Not factored into the administration’s initial plans was an income tax cut triggered by a 2015 law signed by then-Gov. Rick Snyder, Chris Harkins, budget director for the Whitmer administration, acknowledged Wednesday. That will result in a combined $646.7 million hit to state revenue in fiscal years 2023 and 2024.
Current projections account for a temporary income tax rollback, citing a March legal opinion from Attorney General Dana Nessel finding the cuts only apply for one year.
Republicans who were in the Legislature when the legislation was signed argue the rollback, if triggered, was not meant to be temporary and haven’t ruled out legal action to challenge Nessel’s finding.
House and Senate fiscal analysts also identified dips in net income tax and sales tax revenue that factors into the overall downward trend, and acknowledged that the COVID-19 pandemic has made forecasting future revenue more difficult.
“The magnitude by which many economic variables have changed in response to the COVID-19 pandemic has drastically increased the chances for estimation error,” the Senate Fiscal Agency’s revenue projections report noted.
The state still has a multibillion dollar surplus left over from unprecedented pandemic-related revenue increases, but how much remains after the current budget cycle largely depends on the budget Whitmer and lawmakers end up with.
Problematic population trends
As Bridge Michigan reported earlier this month, the state’s population is aging, births are declining and the number of people decamping to other states is higher than that of new residents moving in.
Long term, that trend is expected to accelerate and exacerbate already-existing worker shortages, particularly in the healthcare industry, and result in less money coming in from state taxes, state demographer Jacklyn Butler said Friday.
“We have a large proportion of our population who are not working and fewer younger adults in prime working age years to support needs and services for that population,” she said.
Butler said Michigan was the 29th oldest state in 2001, but as of 2021 was the 14th oldest state in the nation and had the 46th slowest population growth rate among the 47 states that experienced growth from 2010-2020.
Moving forward, she said the population aged 0-24 is projected to decrease by 5 percent from 2021 to 2050, and the population aged 55 and older is projected to increase by 14 percent during that same time frame.
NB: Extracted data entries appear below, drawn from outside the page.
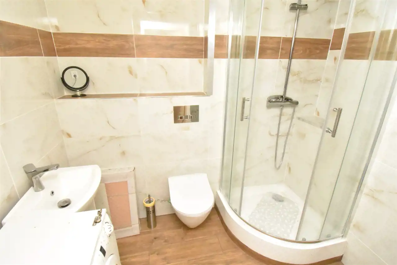 W łazience przeprowadzono remont. Wymaga jednak dokończenia, delikatnych poprawek.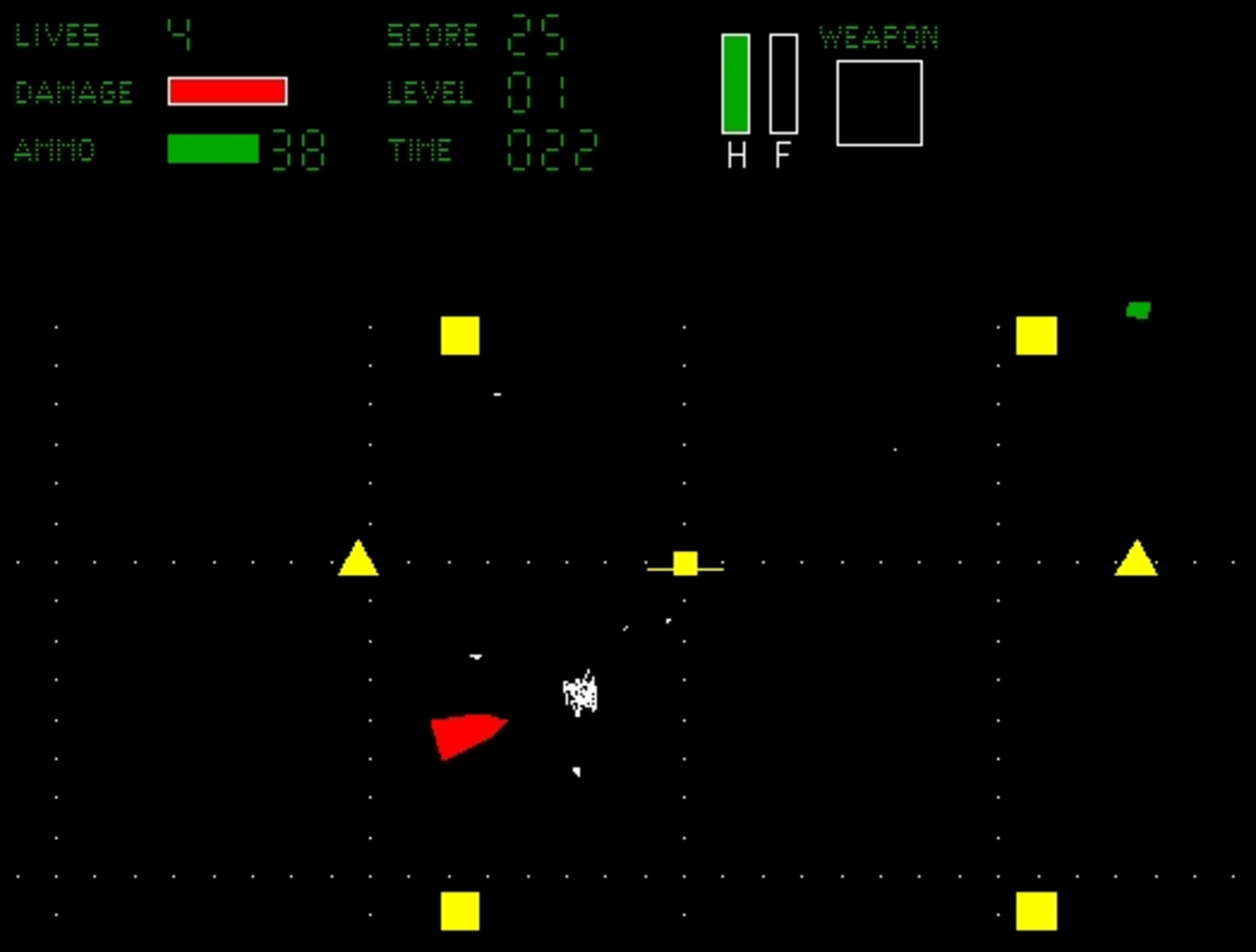 Spectre VR is a frag-fest that pays homage to the arcade classic Battlezone. This is the second sequel to Spectre, following Spectre Supreme. New features include texture-mapped graphics and the (limited) ability to fly.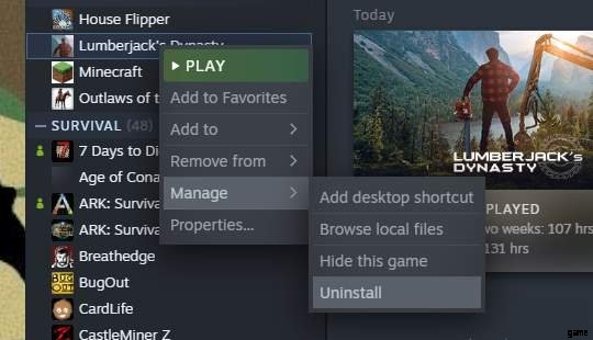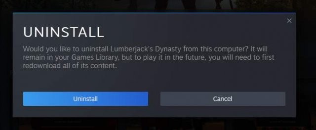 このゲームはゲーム ライブラリに残りますが、もう一度プレイするには、最初にすべてのコンテンツを再ダウンロードする必要があります。この手順は、すべてのゲーム ファイルがコンピューターから消去された後に実行されます。

“Decreasing shares of this youngest age group means that there’ll be even less replacement from younger age cohorts and fewer people aging into prime working years to sustain our labor force,” Butler said.
What happens now
At this stage, House and Senate leaders and the Whitmer administration will take these projections to the negotiating table.
It’s the first time in decades that Democrats have had complete control over the process.
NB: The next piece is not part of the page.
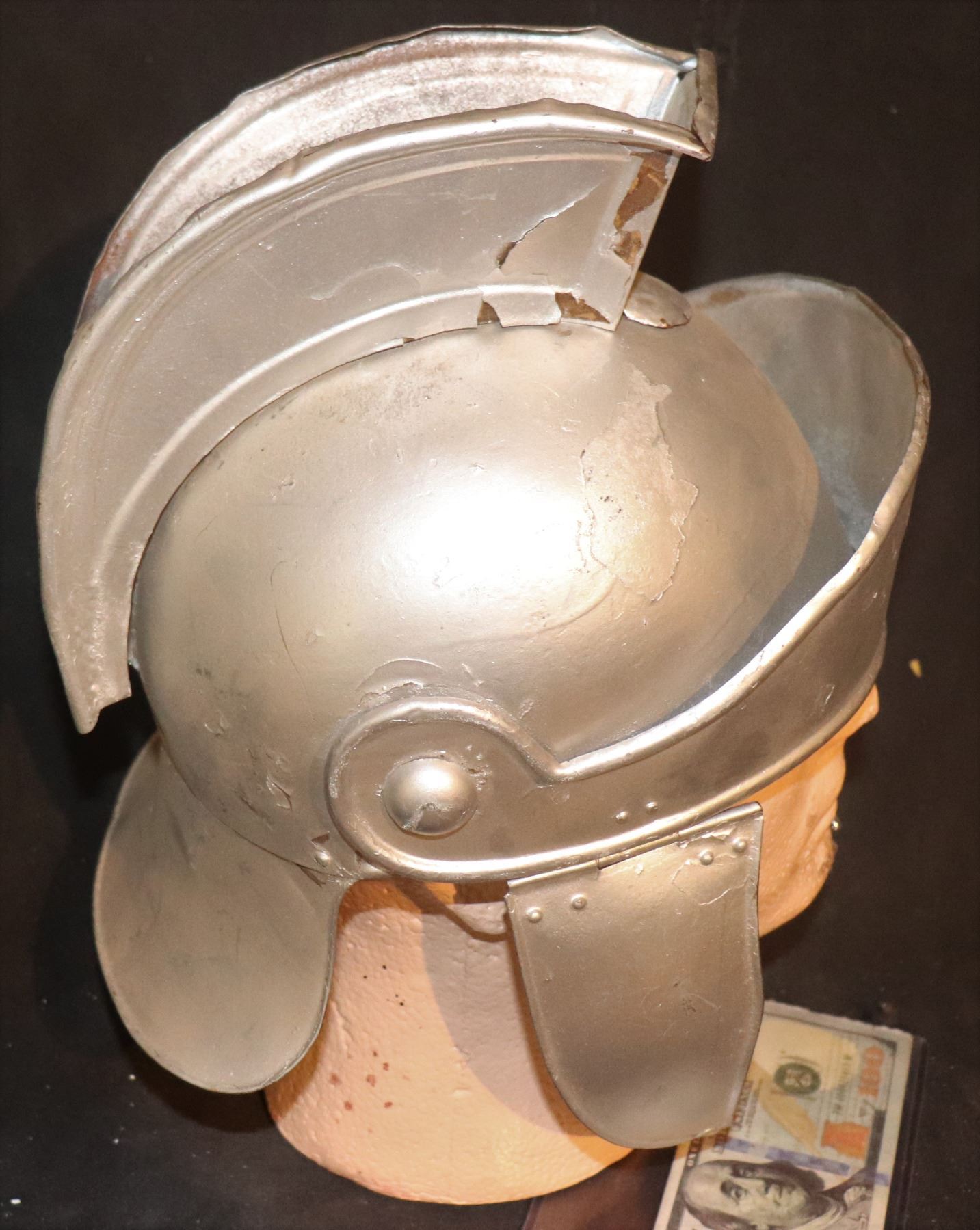 This is old, like older than BEN-HUR!! All metal and leather. There is a lining with leather flaps but this looks to have been painted for some other film. I assume this had a razor fringe at some tome but it is gone and the crest has a loose piece. HIGH BID GETS IT!

Republicans responding to Friday’s updated projections urged caution in approving aggressive spending policies, warning that using up the state’s existing surplus without accounting for a possible economic slowdown would be a mistake.
“All of the evidence points to future state revenue falling, but the Democrat majority is spending money like they have it to burn,” Rep. Sarah Lightner, a Springport Republican serving on the House Appropriations Committee, said in a statement. “The budget proposals they have brought forward so far are simply unsustainable, and the projections we received today confirm that.”
Whitmer, in a statement, said Friday’s forecasts and Michigan’s current 3.8 percent unemployment rate indicate the administration’s current economic strategy is working.
“Let’s keep our foot on the accelerator and deliver a balanced budget that lowers costs on kitchen-table priorities and keeps growing our economy,” she said.
A bipartisan legislative committee will be formed to hash out differences between the plans in the coming weeks. Whitmer officials and legislative leaders aim to finalize next year’s budget this month or next, well ahead of the Oct. 1 deadline to do so.